**Data provided**:
***

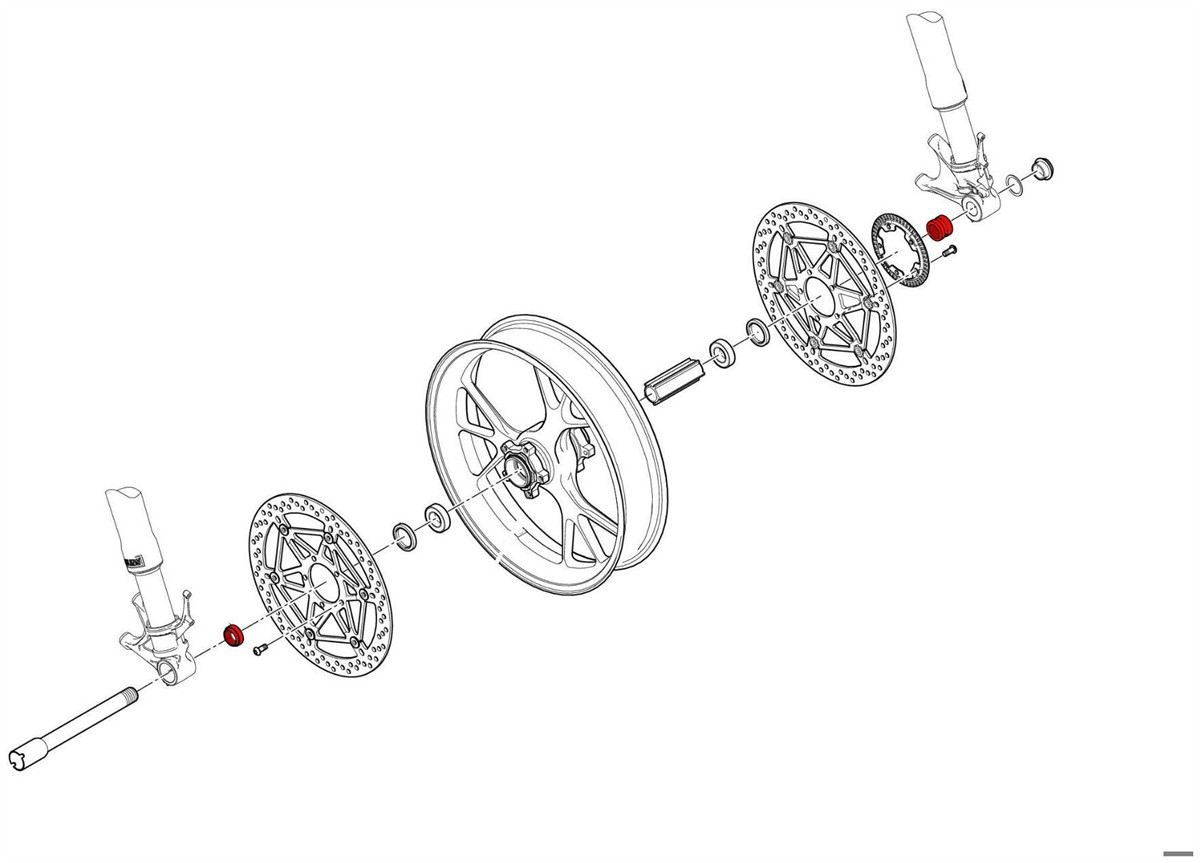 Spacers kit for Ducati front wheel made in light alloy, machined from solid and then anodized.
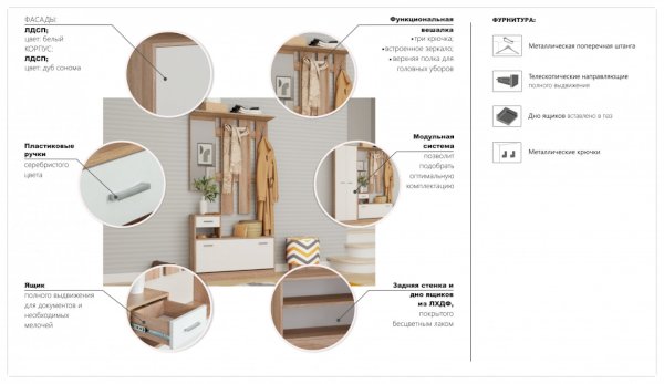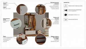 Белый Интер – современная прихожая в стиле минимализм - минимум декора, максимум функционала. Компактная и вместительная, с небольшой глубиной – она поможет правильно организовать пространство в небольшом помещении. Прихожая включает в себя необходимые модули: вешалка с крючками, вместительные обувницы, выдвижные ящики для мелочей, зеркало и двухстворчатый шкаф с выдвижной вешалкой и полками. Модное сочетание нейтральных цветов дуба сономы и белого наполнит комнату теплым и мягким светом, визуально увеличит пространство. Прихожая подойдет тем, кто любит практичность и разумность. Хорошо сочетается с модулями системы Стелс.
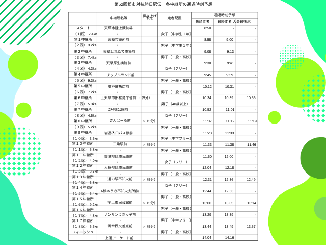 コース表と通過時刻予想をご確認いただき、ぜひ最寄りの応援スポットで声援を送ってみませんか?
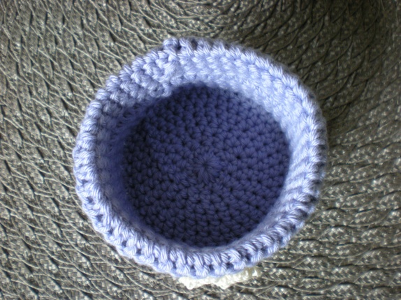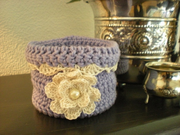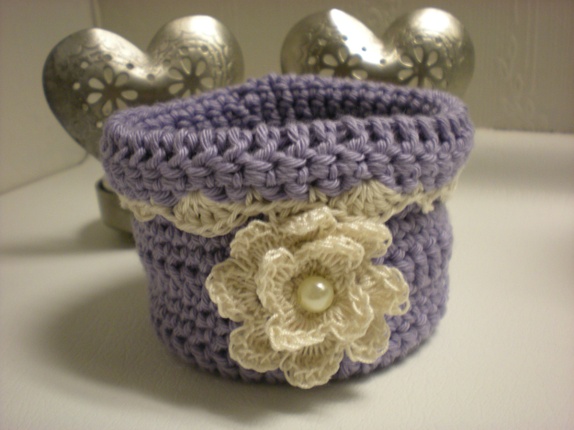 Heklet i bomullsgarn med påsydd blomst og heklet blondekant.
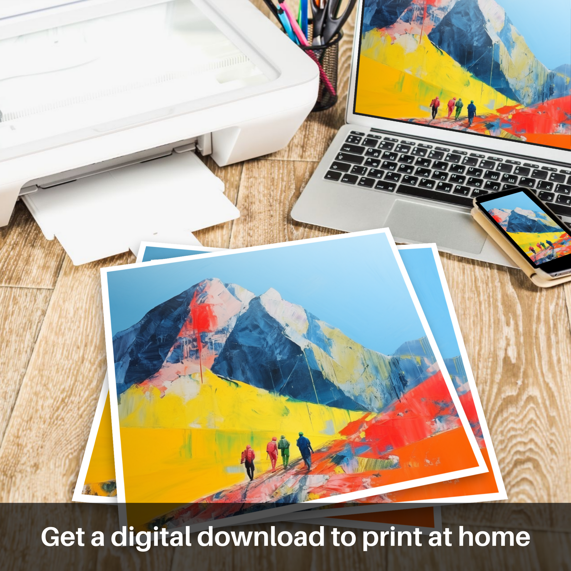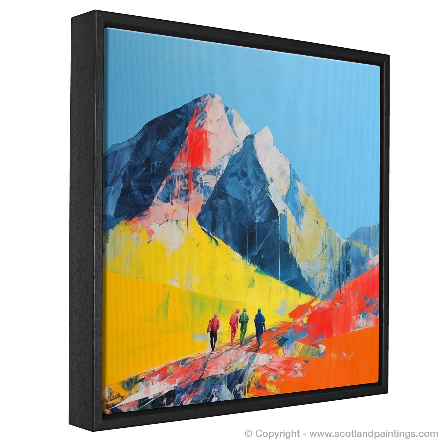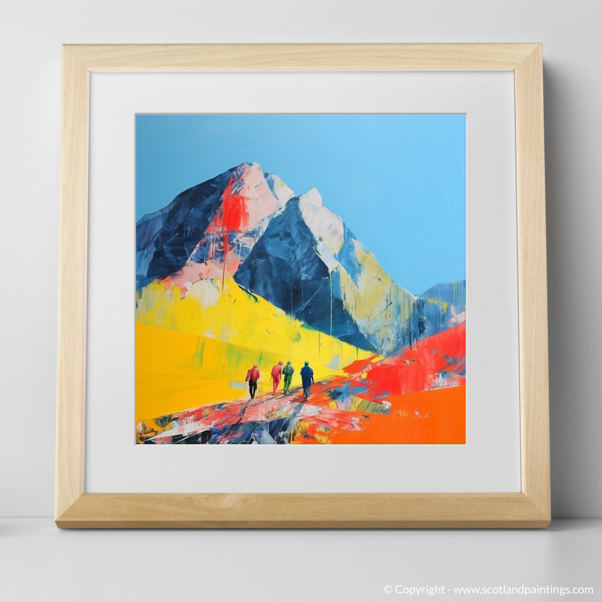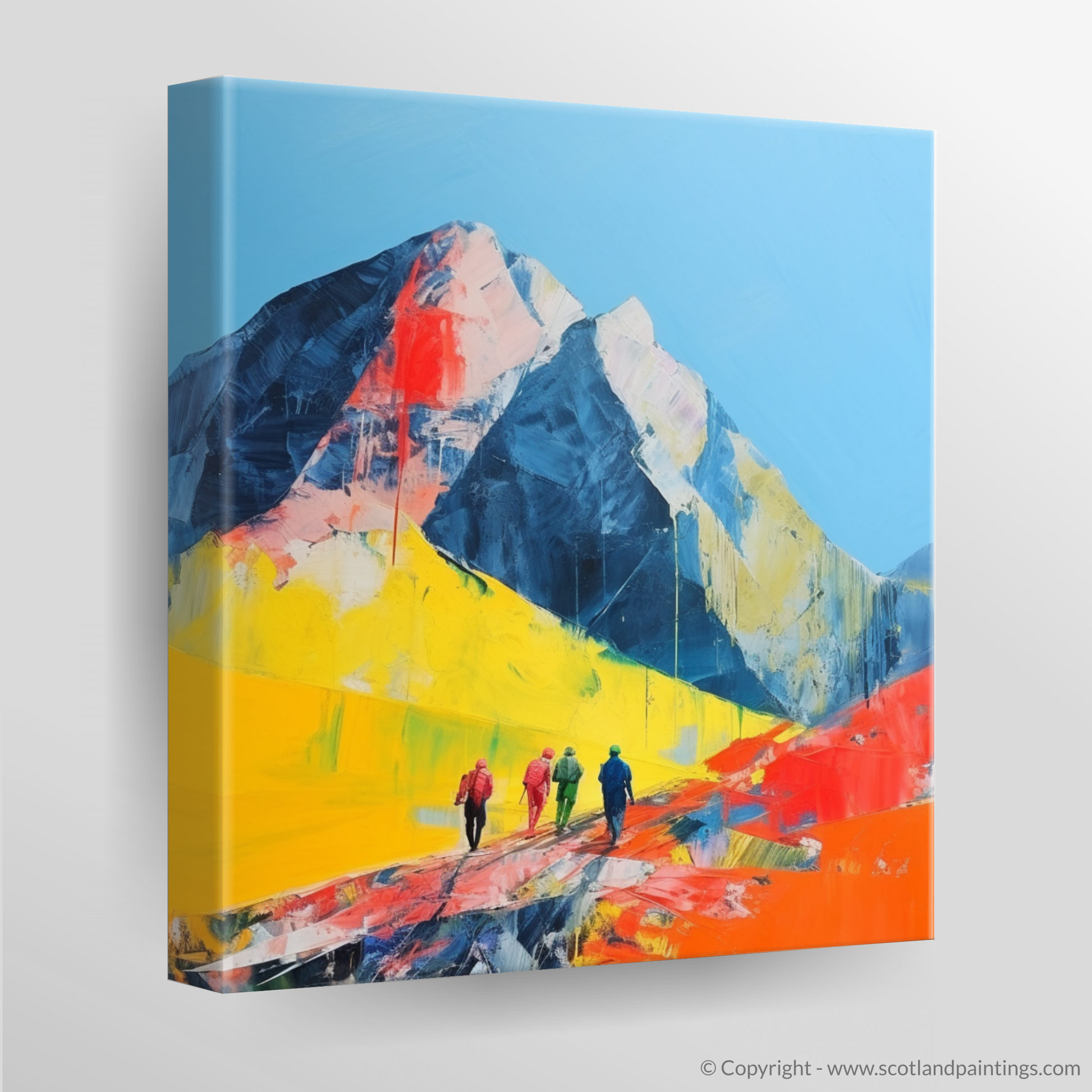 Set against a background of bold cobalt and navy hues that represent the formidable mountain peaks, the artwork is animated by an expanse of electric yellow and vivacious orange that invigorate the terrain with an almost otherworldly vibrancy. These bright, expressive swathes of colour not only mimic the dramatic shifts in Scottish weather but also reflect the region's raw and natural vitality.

***

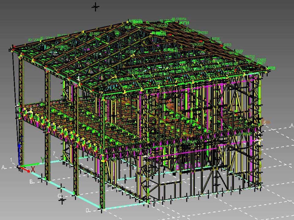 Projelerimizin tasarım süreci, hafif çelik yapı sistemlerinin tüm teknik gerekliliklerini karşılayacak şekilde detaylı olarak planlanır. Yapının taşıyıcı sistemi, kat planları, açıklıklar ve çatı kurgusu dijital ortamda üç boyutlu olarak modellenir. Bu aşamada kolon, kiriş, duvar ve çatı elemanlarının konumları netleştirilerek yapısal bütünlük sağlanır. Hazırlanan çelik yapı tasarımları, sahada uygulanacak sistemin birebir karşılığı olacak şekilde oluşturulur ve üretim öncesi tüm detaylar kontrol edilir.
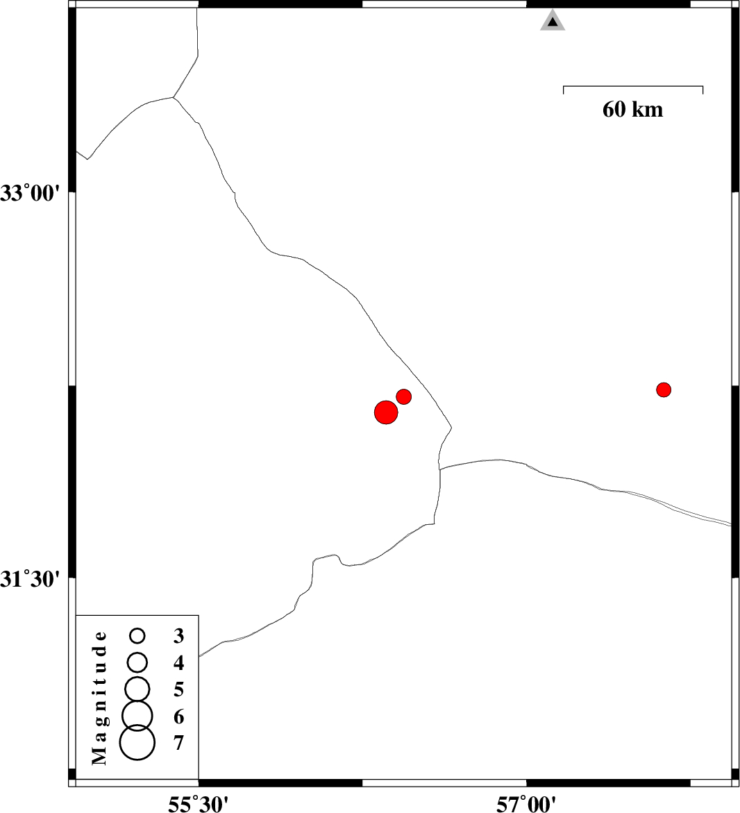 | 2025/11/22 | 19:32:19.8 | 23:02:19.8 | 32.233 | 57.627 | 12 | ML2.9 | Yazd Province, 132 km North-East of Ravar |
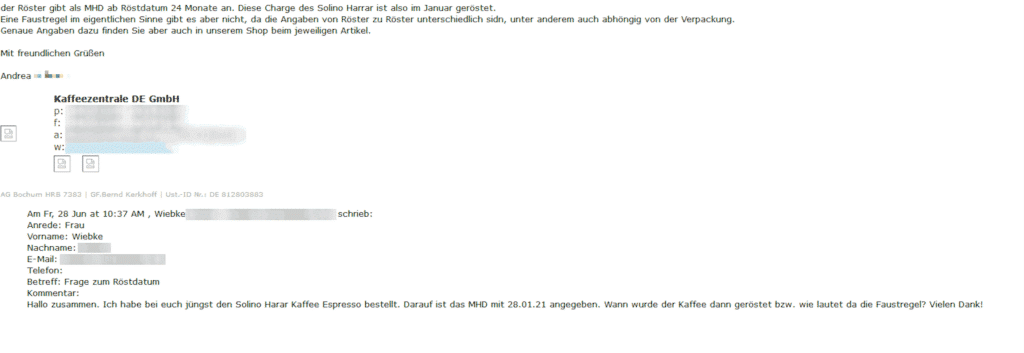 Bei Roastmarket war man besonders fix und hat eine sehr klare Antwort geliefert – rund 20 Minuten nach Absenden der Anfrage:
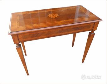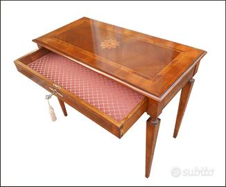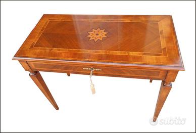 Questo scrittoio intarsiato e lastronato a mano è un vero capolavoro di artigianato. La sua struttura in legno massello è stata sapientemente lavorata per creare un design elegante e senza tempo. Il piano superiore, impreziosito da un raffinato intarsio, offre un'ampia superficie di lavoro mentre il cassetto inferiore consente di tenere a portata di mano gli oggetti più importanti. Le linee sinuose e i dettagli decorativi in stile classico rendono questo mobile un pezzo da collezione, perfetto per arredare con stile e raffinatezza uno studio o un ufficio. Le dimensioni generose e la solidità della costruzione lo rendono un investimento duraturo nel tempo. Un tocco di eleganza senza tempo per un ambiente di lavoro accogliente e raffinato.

***

**Problem**: Using the material above, transcribe exactly the lines from the one holding "Spacers kit for" to the one holding "Set against a", both ends kept. Do not carry over any pictures.

**Answer box**:
 Spacers kit for Ducati front wheel made in light alloy, machined from solid and then anodized.
 Белый Интер – современная прихожая в стиле минимализм - минимум декора, максимум функционала. Компактная и вместительная, с небольшой глубиной – она поможет правильно организовать пространство в небольшом помещении. Прихожая включает в себя необходимые модули: вешалка с крючками, вместительные обувницы, выдвижные ящики для мелочей, зеркало и двухстворчатый шкаф с выдвижной вешалкой и полками. Модное сочетание нейтральных цветов дуба сономы и белого наполнит комнату теплым и мягким светом, визуально увеличит пространство. Прихожая подойдет тем, кто любит практичность и разумность. Хорошо сочетается с модулями системы Стелс.
 コース表と通過時刻予想をご確認いただき、ぜひ最寄りの応援スポットで声援を送ってみませんか?
 Heklet i bomullsgarn med påsydd blomst og heklet blondekant.
 Set against a background of bold cobalt and navy hues that represent the formidable mountain peaks, the artwork is animated by an expanse of electric yellow and vivacious orange that invigorate the terrain with an almost otherworldly vibrancy. These bright, expressive swathes of colour not only mimic the dramatic shifts in Scottish weather but also reflect the region's raw and natural vitality.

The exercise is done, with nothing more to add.